Maurice Moscovich (born Morris Maaskov; November 23, 1871 – June 18, 1940) was a Russian American actor who was well-known for his roles in Yiddish theatre. His 14 films, which he made at the end of his life, include Charlie Chaplin's The Great Dictator.

== Life and career ==
Maurice Moscovich was born Morris Maaskov in Odessa, Tsarist Russia. He emigrated to the United States no later than 1897 and performed for decades in the Yiddish theatre in New York and appeared in two 1930 Broadway plays.

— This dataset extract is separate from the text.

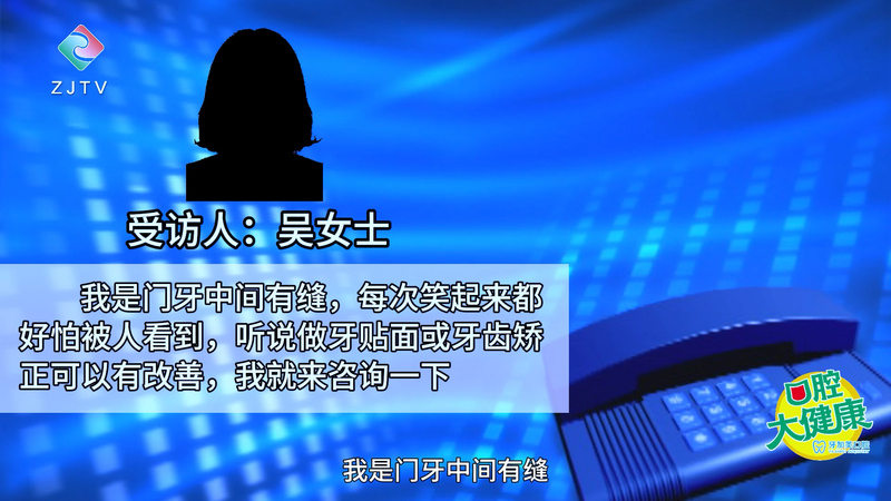 市民吴女士因两颗前门牙的缝隙问题,对容貌自信、人际交往和生活质量造成影响。

In the last four years of his life, Moscovitch played supporting roles in 14 films. With his distinctive accent, he portrayed mostly wise and friendly old men, often with Jewish background. He played a shopkeeper in the highly praised Make Way for Tomorrow (1937) and the art dealer Maurice Cobert in Love Affair (1939) with Irene Dunne and Charles Boyer. His last film was Charlie Chaplin's Hitler-satire The Great Dictator, in which he played the Barber's friendly Jewish neighbour, Mr. Jaeckel, who flees into exile to his brother.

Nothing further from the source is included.